_Entries shown_:
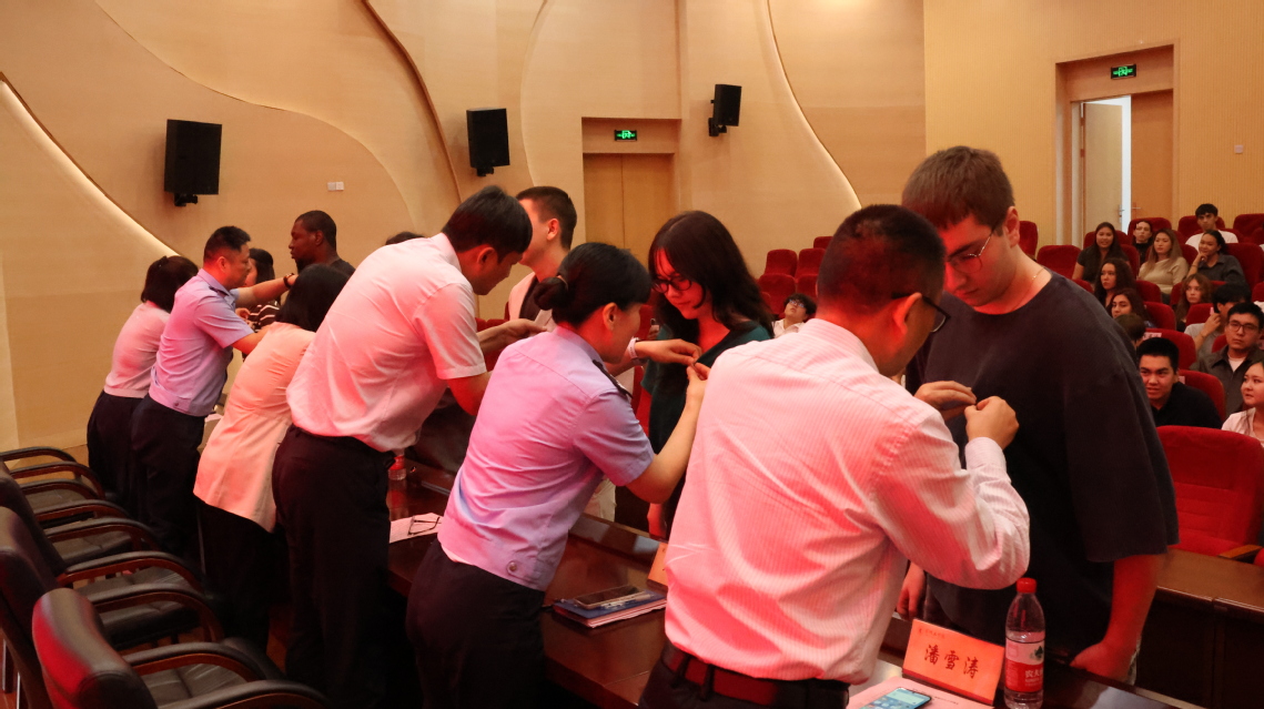典礼中,与会嘉宾还为新生代表佩戴校徽。
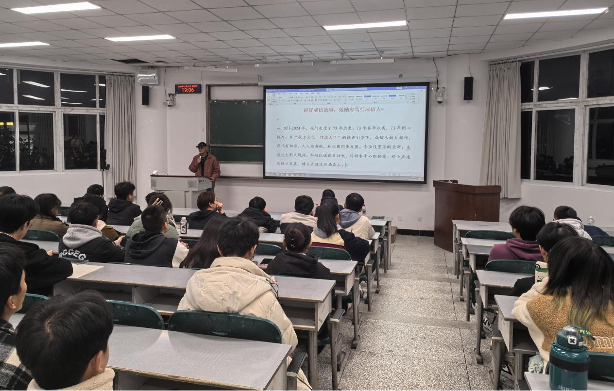 黄波老师分享了学校自1951年建校以来从西南空军气象干部训练大队逐步发展为环球官方的历史脉络以及建校73周年来取得的各项成就。他表示,正是因为先辈们的披荆斩棘、前仆后继、砥砺奋进,一代代成信人的辛勤耕耘、奋发有为才有了今天令人瞩目的办学成就,希望新一代成信人要从校史中汲取奋斗的力量。
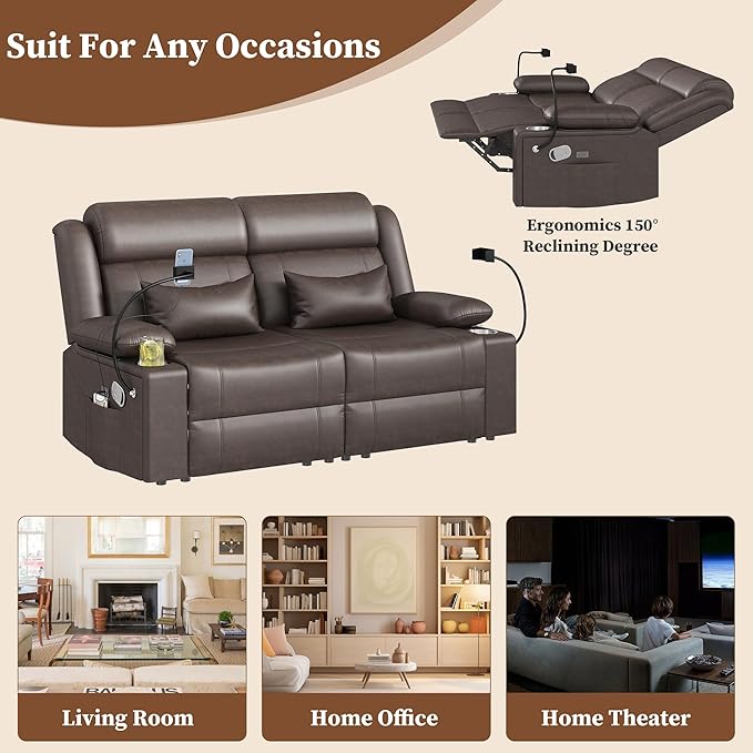 Home Theater Seating,RV Reclining Sofa Set with Adjustable Headrest, Recliner Sofa with Heat and USB&Type-C, Dawer & Cup Holders, 150° Recline for RV & Living Room(Loveseat Brown)
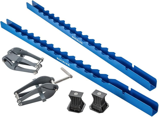 Adjustable 4-Way Pressure Steel Clamps for Table & Benchtops - Rockler Deluxe Single Panel Clamps with Scissor Couplers - Ideal for Flat Panels & Flush Joints - Includes Clamp Rails & Feet
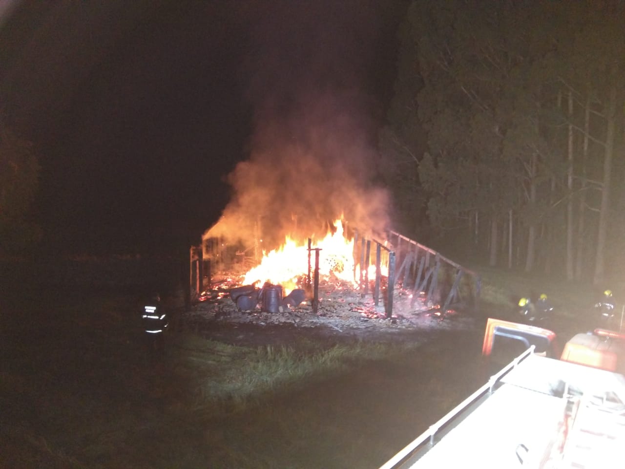 Barracão de madeira é consumido pelo fogo no interior de Curitibanos

_Task requirements_: Write the full listing out again with every line unchanged, but include no pictures.

_Written answer_:
典礼中,与会嘉宾还为新生代表佩戴校徽。
 黄波老师分享了学校自1951年建校以来从西南空军气象干部训练大队逐步发展为环球官方的历史脉络以及建校73周年来取得的各项成就。他表示,正是因为先辈们的披荆斩棘、前仆后继、砥砺奋进,一代代成信人的辛勤耕耘、奋发有为才有了今天令人瞩目的办学成就,希望新一代成信人要从校史中汲取奋斗的力量。
 Home Theater Seating,RV Reclining Sofa Set with Adjustable Headrest, Recliner Sofa with Heat and USB&Type-C, Dawer & Cup Holders, 150° Recline for RV & Living Room(Loveseat Brown)
 Adjustable 4-Way Pressure Steel Clamps for Table & Benchtops - Rockler Deluxe Single Panel Clamps with Scissor Couplers - Ideal for Flat Panels & Flush Joints - Includes Clamp Rails & Feet
 Barracão de madeira é consumido pelo fogo no interior de Curitibanos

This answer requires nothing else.